Our desire to chase the light wasn’t without purpose – the story was due to be published in the summer edition of Konfekt, and our editors were keen for a ‘high summer’ feel to the images. We definitely had some luck with a couple of clear evenings spent in the ‘calas’ near Roche, and some hours of bright midday light to photograph the architecture of Cadiz’ old town.

The opening spread of our feature on the Costa de la Luz for Konfekt Magazine.
While we had plenty of pre-arranged appointments that formed the bulk of our story, one of the things I love about working on travel stories is finding the surprise, unplanned photographs that can really enrich the visual impact of the final piece. We encountered Ramón outside his toy store on our first morning in Cadiz, and while his portrait didn’t get selected for the final piece, the warmth of his chat set us up for a day of meeting new people.
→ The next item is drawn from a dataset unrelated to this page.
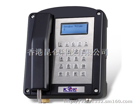 | 尺寸 | 227 x 293 x 135mm | | 重量 | 5.8kg | | LCD显示屏 | 2行字母数字显示屏; 高达4级背光灯可选 | | 键盘 | 不锈钢金属键盘,防潮防冻,防水等级达IP66 21位按键并带可操作ACE 字母 | | 听筒 | 动圈式受话器带助听功能 驻极体式送话器,极好的消噪功能 金属软管线,伸缩性强,拉力经测试170KGS以上 | | 防水等级 | IP66 | | 抗击能力: | IK09 | | 呼叫闪光传输距离: | 最大:120ms | | 拨号程序: | DTMF | | 外加功能: | 可外置扬声器 可外置耳机 听筒 震铃器 | | 温度 | -25℃ to 60℃ | | 储存温度 | -30℃ to +70℃ |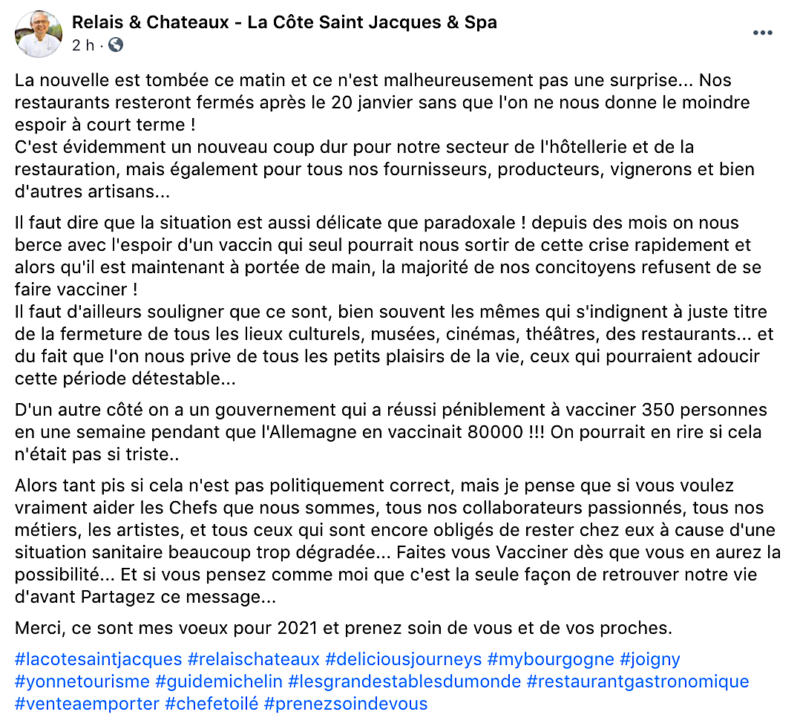 Le chef JM Lorrain à diffusé ce message sur son compte Facebook :

Ramón Gomez outside his toy store in the old town of Cadiz.
Our encounter with 15-yr-old Antonio, below, was equally fortuitous. Driving towards the beaches at Roche, I pulled over to photograph the late evening sun casting long shadows through the pine forests that characterise this section of coast to the south of Cadiz city. Antonio was leading his horse through a series of intricate drills and steps – he rides every evening without fail. Observing at first hand the symbiosis of horse and rider was quite something. Again this portrait didn’t make the final cut, but I’ve always found that it’s great to offer this kind of extra option to the creative team.

In the pine woodlands of Cabo Roche, local teenager Antonio takes his daily horse ride.
Another lesson I have learned over the past few years of travel stories is that every meal should be treated as a potential photo shoot! Sometimes an unplanned stop at a cafe or a rushed lunch at a restaurant can provide an opportunity. On our first morning in Cadiz, we took a 15 minute break at La Isleta de la Viña for a very late brunch – I ordered a couple of cañas and the Spanish staple of a pintxo de tortilla, only to be presented with a dish that exploded with colour – local samphire, cream cheese and cubes of crusty bread.

Tortilla with a samphire garnish served at La Isleta de la Viña, a popular restaurant in Cadiz.
6 days later on our final afternoon, we stopped for lunch at a tumbledown chiringuito on Playa de El Palmar, where the beautifully layered tinto de verrano glowed in the midday sun.

A glass of tinto de verrano, the classic summer drink in Andalucia. Photographed at Cortijo el Cartero, a restaurant on Playa del Palmar.
Both of these impromptu photographs were chosen for the final edit, because of course what is travel without immersing yourself in the cuisine of a region?

A double page layout from our story in the Costa de la Luz for Konfekt Magazine.
While the weather on this assignment offered up challenges, when the clouds dissipated the clarity of the light on this stretch of the Atlantic coast was exceptional. My memories will be of the glow that seemed to emanate from every surface as the sunlight danced and rebounded through trees and over water.

Giant ficus trees in Cadiz old town.

Door knockers on the entrance to a reidence in the historic centre of Cadiz.

Cala el Enebro near Roche.
The warmth of the light is reflected in the warmth of the welcome that we received throughout our 6 days in the region. After a long cold winter in our mountain home in the Sierra de Guadarrama, it was incredibly liberating to step out (full masked of course!) into a bustling city plaza, with kids chasing balls in all directions, while older residents paraded in their Sunday best. In spite of the Covid-19 curfews that were still in place, this trip was hopefully a glimpse of future adventures.

The final spread of our story on the Costa de la Luz in Konfekt magazine.